“Three people died in 2017 while rationing their insulin. Three more died in 2018. Four died in 2019, so far.” (rightcarealliance.org)
Talk to your legislators about how drug prices affect you and your family and ask them to support and strenthen H.R. 3. – “Lower Drug Costs Now Act of 2019″ – 2 actions below.
(from Indivisible) Drug prices are higher in America than anywhere else in the world, and as a result, 1 in 5 people won’t fill a prescription, and 1 in 10 skip doses or cut pills in half. This kind of rationing can lead to complications for untreated conditions, which cause increased healthcare costs such as hospitalization, surgery, or emergency medical care. Rationing critical drugs like insulin, marked up as much as 5000%, can also kill people. H.R. 3 – Lower Drug Costs Now Act of 2019 is a good start to lowering drug prices because it directs the government to expand its immense buying power to negotiate lower drug prices for more than just Medicare patients. But the bill needs to be stronger. Here are things it’s missing…
- Protection of uninsured people: Any of us can lose a job. The bill currently applies the price that the government negotiates to people on private insurance and people with Medicare, but it doesn’t cover people with no insurance. Easy fix. Add them to the bill.

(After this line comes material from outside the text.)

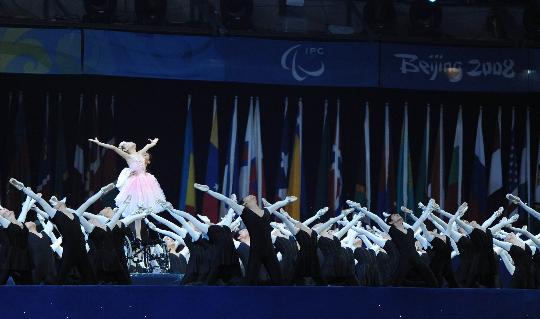 圖:殘奧會(huì)開幕式上災(zāi)區(qū)小女孩進(jìn)行文藝表演

- Negotiate more drugs each year: H.R. 3 only requires the government to negotiate the price of 25 drugs per year starting in 2023, 30 per year in 2028, and 35 per year in 2033. What? There are thousands of drugs on the market and more every year. To give you a sense of scale, this formulary from UnitedHealthCare’s 2019 Community Plan includes approximately 1,666 drugs. The bill should be amended to quickly increase the floor on the number of negotiated drugs each year to 250.
- Make more drugs eligible for negotiation: In the bill as written, only drugs that cost the health system a lot of money and don’t have any generic or biosimilar competitors would be eligible for negotiation. That leaves out some key drugs, like EpiPen, that are still too expensive despite having generic competition. The bill should be amended to ensure that drugs that are very expensive but only serve a small population of people, and drugs that have limited generic competition, are still eligible for negotiation by the government.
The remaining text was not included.